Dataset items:
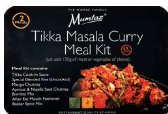
Tikka Meal Kit Art. 2011 VPE 6 x 576g
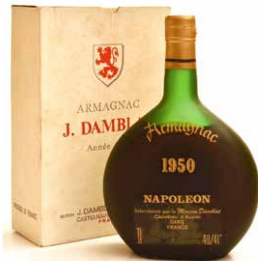
Damblat Armagnac Napoleon Selectionne Castalnaud'Auzan 1950 0,7 l Armagnac
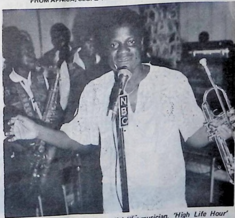
Victor Olaiya, a veteran Nigerian Highlife musician. "High Life Hour" from Radio Nigeria Kaduna is on Wed .09.05

0458 DRUMS SIGNAL 0459.30 NATIONAL ANTHEM
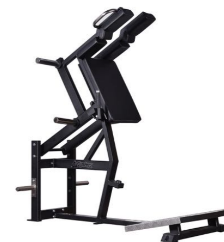
Squat / Hack Squat Art.nr: 044

Length: 177 cm Width: 85 cm Height: 156 cm

◆ **Task requirements**
Letter for letter, reproduce every record above and skip the pictures.

◆ **Finished exercise**
Tikka Meal Kit Art. 2011 VPE 6 x 576g
Damblat Armagnac Napoleon Selectionne Castalnaud'Auzan 1950 0,7 l Armagnac
Victor Olaiya, a veteran Nigerian Highlife musician. "High Life Hour" from Radio Nigeria Kaduna is on Wed .09.05

0458 DRUMS SIGNAL 0459.30 NATIONAL ANTHEM
Squat / Hack Squat Art.nr: 044

Length: 177 cm Width: 85 cm Height: 156 cm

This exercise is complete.